OKLAHOMA CITY — Not every bill you receive in the mail is legitimate. Unfortunately, many business owners have learned that lesson the hard way. However, there are easy ways to protect yourself.
Phony invoice sent to several businesses.
Advertising in the Yellow Pages or using a computer service company like Comp Pro are typical expenses for many companies. So when an invoice from a computer service showed up in the mail to several businesses the assumption was that it was legitimate.
"They thought they owed these different prices. One was for Yellow Book, the other was Comp Pro and it’s for services ranging from $75 to $400," explained U.S. Postal Inspector Ryan Brakhage.
In truth, they didn't owe a penny. Con artists literally sent out thousands of phony invoices to companies banking on the assumption that it wouldn't be questioned.

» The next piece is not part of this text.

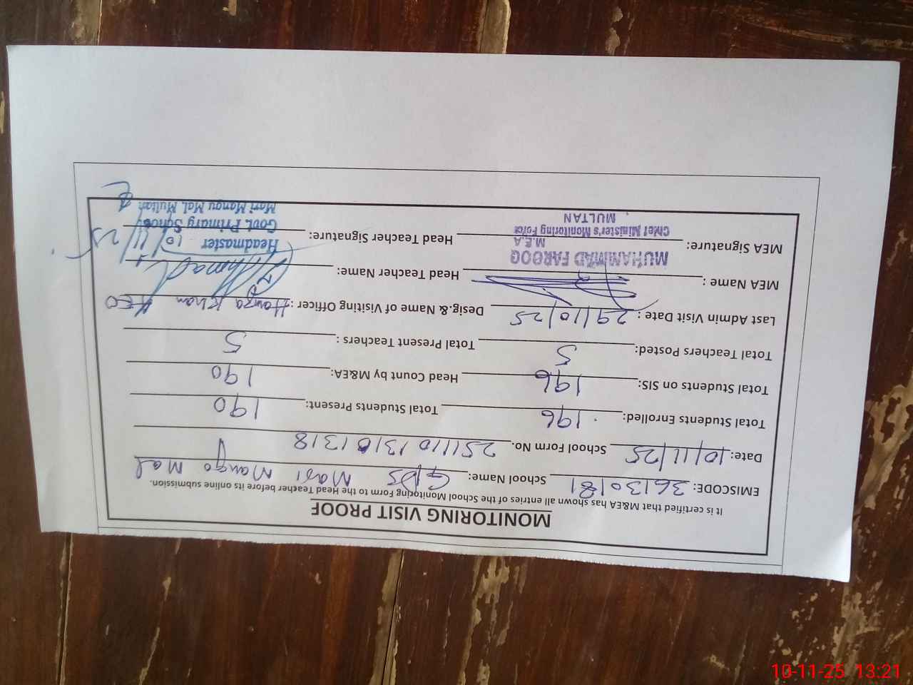 | Attendance Register | Head Teacher | MEA with School | Visit Proof |

"The billing department gets that and they just pay it. They just think, it’s not a large amount of money — it’s not $1000 – $1500 dollars. So they just go ahead and pay it because they get multiple bills," Brakhage said.
Postal inspectors say the scheme worked.
A large number of businesses lost $752,000.

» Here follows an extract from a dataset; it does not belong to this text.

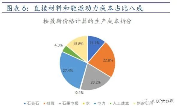 直接材料和能源動力是工業(yè)硅主要的成本構成,直接材料包括:硅礦石、石油焦、硅煤、石 墨電極等,能源動力包括:煤炭、電力。以合盛硅業(yè) 2021 年工業(yè)硅生產成本拆分看,直接材料 占比 46%、能源動力占比 32%。我們按照最新的原材料價格測算新疆工業(yè)硅企業(yè)成本構成,石英 砂占比 11%、硅煤占比 23%、石墨電極 20%、電力占比 27%。

"Sometimes there’s fine print on the bottom or on the back of the page. You know, read that very carefully," said Brakhage.
Fine print on phony invoice explains that the business is under no obligation to pay the bill.

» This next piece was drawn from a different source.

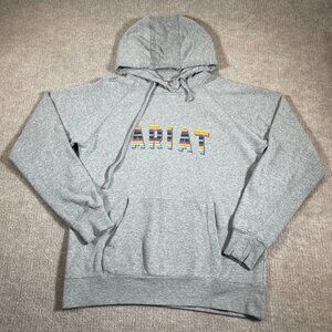 Ariat Pullover Hoodie Sweatshirt Mens Size Medium Grey Spellout Western Casual Lightweight Cowboy

In this case, "you are under no obligation to make any payment" was on the invoice.
The best way for business owners to stop a scheme like this is to keep track of the bills.
"Talk to your shipping department, your ordering department, you know? Just because you get a bill in the mail doesn’t mean you ordered it," Brakhage advised.
Authorities issued hundreds of cease and desist orders in this case requiring the issuer of the invoices to stop sending the phony documents.